С момента первых раскопок на Базар-Даре прошло всего восемь лет. А границы горных разработок Восточного Памира вышли за пределы базар-даринской долины. Геологи — опять геологи! — открыли новый район. Им оказался правый приток реки Мургаб — Западный Пшарт с притоками. В 1970 году Памирский археологический отряд провел там раскопки и обнаружил три небольших поселения рудокопов, лежащих непосредственно в районах добычи серебра. Самый высокогорный из рудников, осмотренных нами, расположен в верховьях Сасыка на высоте 4900—5000 метров. Существовали эти поселения и рудники тогда же, когда и «серебряный» город в долине Базар-Дары.

Наши сегодняшние знания об истории Памира представляют цепочку со многими недостающими звеньями. Я уверена, что постепенно их будет становиться все меньше.

В 1971 году мы вторично вернулись в Токуз-Булак, тот самый, который «повис в воздухе», и провели, насколько возможно при каменном завале, тщательное обследование. Теперь Токуз-Булак было с чем сравнить, датировка его прояснилась: по времени он объединяется с Восточно-Памирской группой.

Работы 1971 года начинают уводить нас если не в сторону Вахана, то, во всяком случае, в Шугнан. Возможно, в конце концов будут найдены материалы, которые помогут решить и загадку «Ваханских серебряных рудников».

Поиски новых свидетельств давней жизни человека в горах продолжаются.

г. Душанбе

М. Бубнова, сотрудник Института истории имени А. Дониша АН Таджикской ССР

Горы — уникальная лаборатория

Заглянув в литературу, нетрудно узнать, сколько человек было в той первой научной экспедиции, возглавляемой А. П. Федченко, которая немногим более ста лет назад пришла на Памир. А вот чтобы выяснить, сколько людей исследуют Памир сегодня, потребовалось бы специальное статистическое исследование, охватывающее десятки научных учреждений.

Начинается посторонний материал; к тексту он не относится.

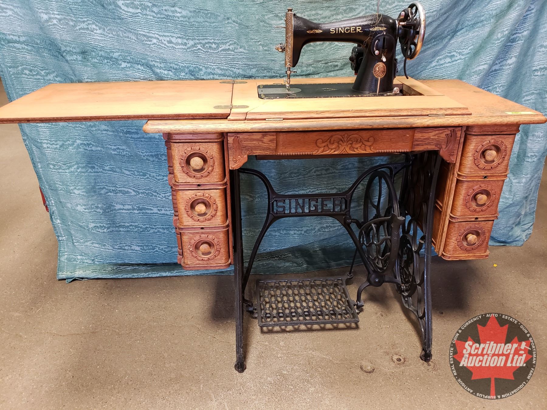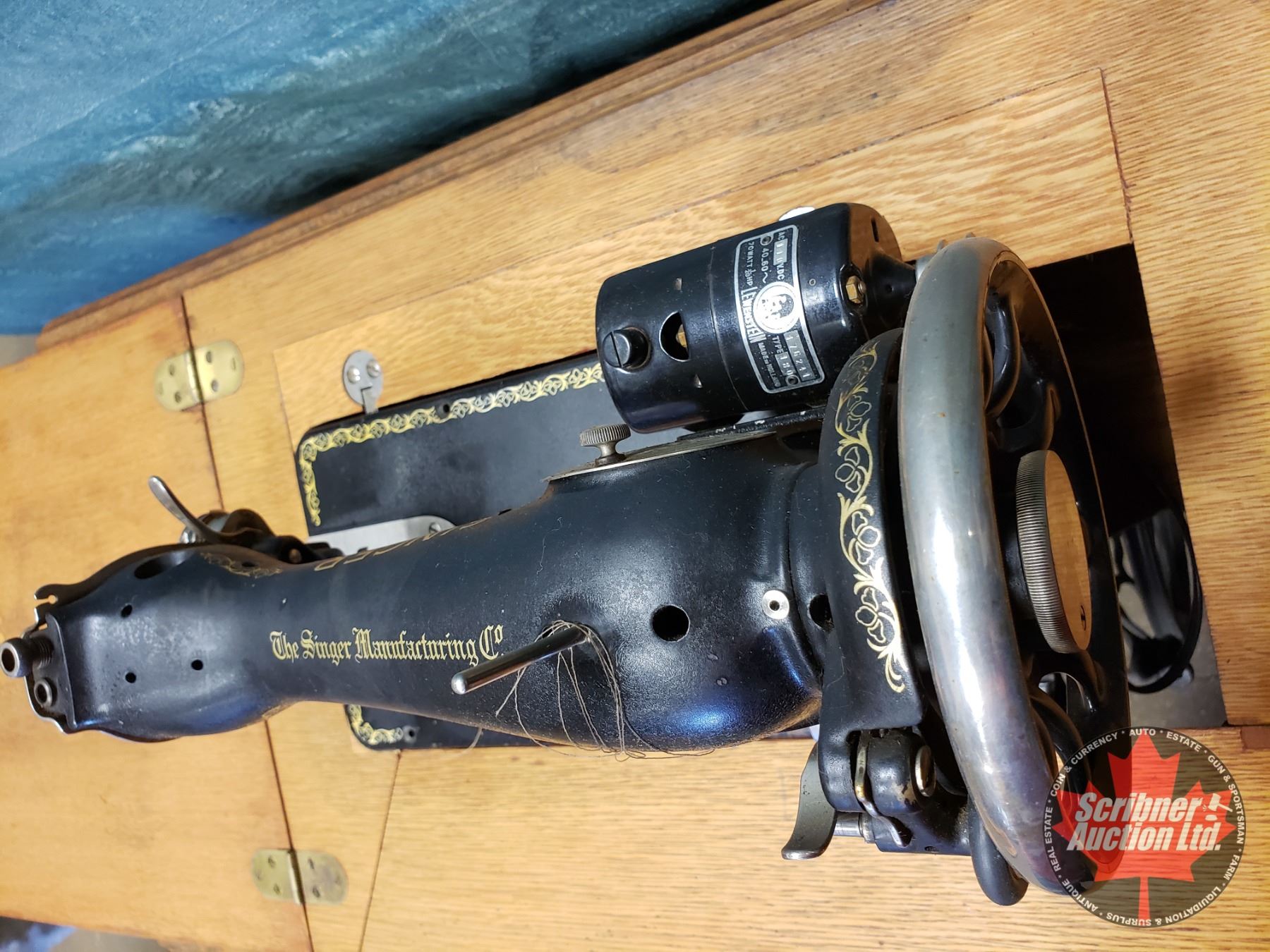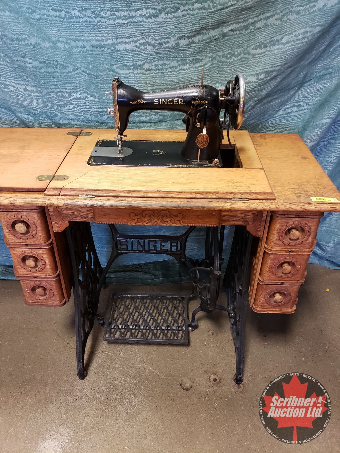 Singer Treadle Sewing Machine (Converted to Electric)(31"H x 36-1/2"W x 18"D)

Первое место в научных исследованиях Памира, безусловно, принадлежит метеорологам. И это не случайно. Памир и его ледники оказывают влияние на погоду всей Средней Азии. Так что преувеличить значение метеонаблюдений в горах просто невозможно. Недаром первой постоянной службой на Памире стала гидрогляциометеорологическая обсерватория на леднике Федченко, основанная в 1933 году.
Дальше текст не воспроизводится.